Collected data:
•••••

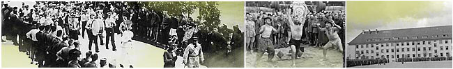 | Oflag IIB d'Arnswalde : Kermesse à Gross-Born - août 1941. Concours de pêche 20 juin 1943 - Fanfare devant les blocs III et IV. |
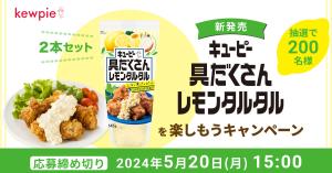 キャンペーンページの応募フォームにてアンケート回答と必要事項を入力して応募すると、キユーピー「キユーピー 具だくさんレモンタルタル 145g 2本」が抽選で200名に当たりますよ~。プレゼント商品到着後のアンケートにも答えるのが応募条件ナリ。
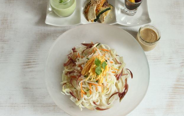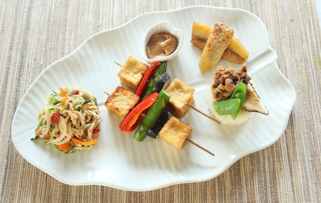 4月のプレートパッタイ/菜の花とパプリカのチーズ和え/鶏と野菜のつくね/アボカドスープ |
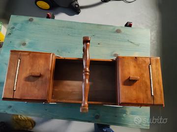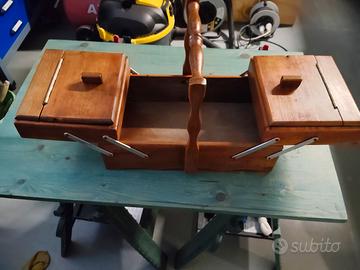 Vendo questa splendida e autentica Scatola da Cucito in Legno a Fisarmonica, un pezzo che unisce il fascino vintage all'assoluta praticità.
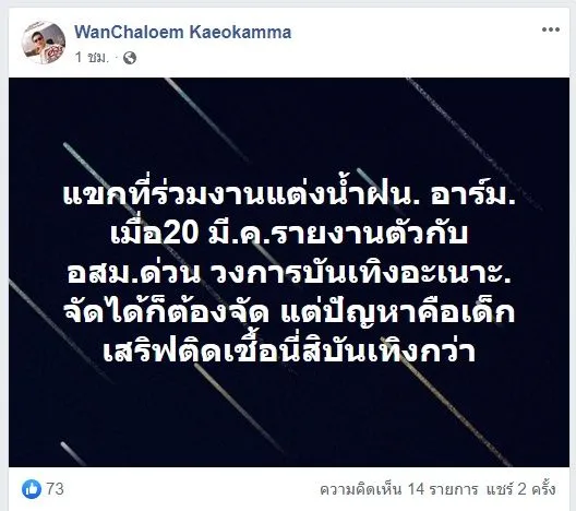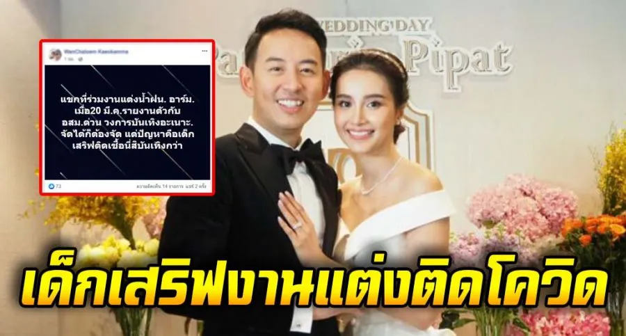 ทางผู้จัดงานป้องกันอย่างดี แต่ล่าสุดแขกที่ร่วมงานแต่งน้ำฝน-อาร์ม เมื่อวันที่ 20 มี.ค.รายงานตัวกับอสม.ด่วนจัดได้ก็ต้องจัด แต่ปัญหาคือ เด็กเสิร์ฟติดแล้ว ทำให้หลายคนสอบถามไปทางนางเอกสาวของเราว่าเป็นอย่างไรบ้าง
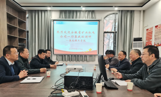 2023年3月16日上午,安徽省矿业机电装备有限责任公司李凤荣党委书记、董事长一行,来必赢官网进行校企合作调研,进一步落实校企合作。汪建利副校长、朱昌杰院长及相关专业负责人参与本次调研。
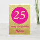 25th Happy Birthday Hot Pink and Gold Glitter Card with personalized name. For further customization, please click the "Customize it" button and use our design tool to modify this template.
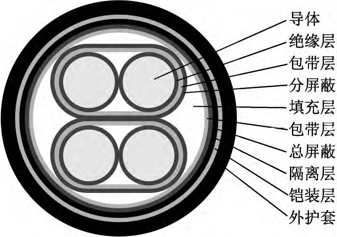 該新型電纜的結(jié)構(gòu)如圖1所示。導(dǎo)體為單股退火鍍錫軟銅線,以提高導(dǎo)體的導(dǎo)電性和防腐蝕性。在導(dǎo)體外繞包一層?。疲矗ň鬯姆蚁┌雽?dǎo)電帶,有利于降低導(dǎo)體和絕緣之間的摩擦起電噪音。絕緣采用材料較為純凈、介電常數(shù)較小、具有一定彈性的聚丙烯絕緣級材料,并采用擠壓式擠出,減小絕緣層與導(dǎo)體的間隙。采用對絞組作為信號傳輸線,由于在兩根傳輸線上感應(yīng)的電壓接近相等,減小了電壓差值,提高了信號傳輸穩(wěn)定性;對絞組由兩種不同顏色絕緣線芯組成,相鄰線對對絞節(jié)距應(yīng)不大于100mm。對絞分屏蔽組(即對對絞組進(jìn)行分屏蔽,每對對絞組外繞包兩層聚酯帶和一層厚0.04mm鋁塑復(fù)合帶繞包,內(nèi)置一根7×0.26mm鍍錫銅絞線作引流線)有利于對不同對絞組之間信號串音的抑制和隔離。對絞分屏蔽組同心式絞合成纜,在對絞分屏蔽組間填充非吸濕性材料,以保證纜芯圓整。在成纜纜芯外繞包兩層聚酯帶,再采用鋁塑復(fù)合帶繞包,內(nèi)置鍍錫銅線作引流線,以提高電纜電磁屏蔽能力??偲帘螌油鈹D包隔離層(隔離護(hù)套),隔離層采用絕緣級低密度聚乙烯材料。隔離層外采用鎧裝層,鎧裝材料為高導(dǎo)磁合金鋼帶,其為強(qiáng)磁材料,可將外來的磁通大部分限制在鎧裝層的外表面上(僅有少部分能進(jìn)入被屏蔽的空間);鎧裝時對高導(dǎo)磁合金鋼帶采用縱包焊接,確保其形成一連續(xù)圓柱管;鎧裝層可提高電纜抗電磁干擾水平以及對電纜進(jìn)行加強(qiáng),減少電纜振動引起的電動勢。外護(hù)套采用藍(lán)色軟PVC(聚氯乙烯)護(hù)層級電纜材料擠包,實(shí)現(xiàn)電纜防護(hù)。
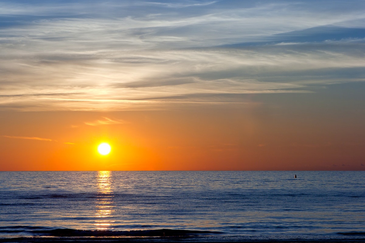 Fototapete PAPERMOON "Sonnenuntergang an der Ostsee", bunt (mehrfarbig), B:4,5m L:2,8m, Vlies, Tapeten
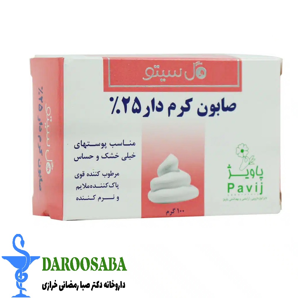 صابون کرم دار 25 درصد گل سیتو حاوی 25 درصد کرم مرطوب کننده است که رطوبت پوست را حفظ کرده و سبب ایجاد شادابی و درخشش بر روی پوست می شود.
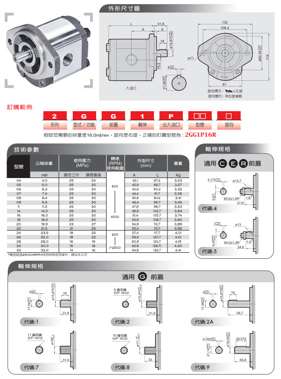 2GG1P09L,2GG1P11L,2GG1P14L,2GG1P16L,2GG1P18L,HONOR齒輪泵
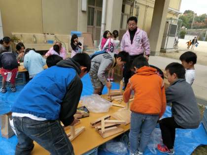 10日土曜日、秋晴れの空のもと,PTAオータムフェスタが始まりました。地域の方々にも協力していただいて、木工や箸づくり,カードづくり、グランドゴルフなど楽しいコーナーがいっぱいです。おとなも子どもも一緒になって楽しめる素敵な一日です。

•••••

§ WHAT TO PRODUCE
Copy word for word only the lines above from the one with "該新型電纜的結(jié)構(gòu)如圖" through the one with "L:2,8m, Vlies, Tapeten". Leave pictures out.

§ YOUR RESPONSE
 該新型電纜的結(jié)構(gòu)如圖1所示。導(dǎo)體為單股退火鍍錫軟銅線,以提高導(dǎo)體的導(dǎo)電性和防腐蝕性。在導(dǎo)體外繞包一層?。疲矗ň鬯姆蚁┌雽?dǎo)電帶,有利于降低導(dǎo)體和絕緣之間的摩擦起電噪音。絕緣采用材料較為純凈、介電常數(shù)較小、具有一定彈性的聚丙烯絕緣級材料,并采用擠壓式擠出,減小絕緣層與導(dǎo)體的間隙。采用對絞組作為信號傳輸線,由于在兩根傳輸線上感應(yīng)的電壓接近相等,減小了電壓差值,提高了信號傳輸穩(wěn)定性;對絞組由兩種不同顏色絕緣線芯組成,相鄰線對對絞節(jié)距應(yīng)不大于100mm。對絞分屏蔽組(即對對絞組進(jìn)行分屏蔽,每對對絞組外繞包兩層聚酯帶和一層厚0.04mm鋁塑復(fù)合帶繞包,內(nèi)置一根7×0.26mm鍍錫銅絞線作引流線)有利于對不同對絞組之間信號串音的抑制和隔離。對絞分屏蔽組同心式絞合成纜,在對絞分屏蔽組間填充非吸濕性材料,以保證纜芯圓整。在成纜纜芯外繞包兩層聚酯帶,再采用鋁塑復(fù)合帶繞包,內(nèi)置鍍錫銅線作引流線,以提高電纜電磁屏蔽能力??偲帘螌油鈹D包隔離層(隔離護(hù)套),隔離層采用絕緣級低密度聚乙烯材料。隔離層外采用鎧裝層,鎧裝材料為高導(dǎo)磁合金鋼帶,其為強(qiáng)磁材料,可將外來的磁通大部分限制在鎧裝層的外表面上(僅有少部分能進(jìn)入被屏蔽的空間);鎧裝時對高導(dǎo)磁合金鋼帶采用縱包焊接,確保其形成一連續(xù)圓柱管;鎧裝層可提高電纜抗電磁干擾水平以及對電纜進(jìn)行加強(qiáng),減少電纜振動引起的電動勢。外護(hù)套采用藍(lán)色軟PVC(聚氯乙烯)護(hù)層級電纜材料擠包,實(shí)現(xiàn)電纜防護(hù)。
 Fototapete PAPERMOON "Sonnenuntergang an der Ostsee", bunt (mehrfarbig), B:4,5m L:2,8m, Vlies, Tapeten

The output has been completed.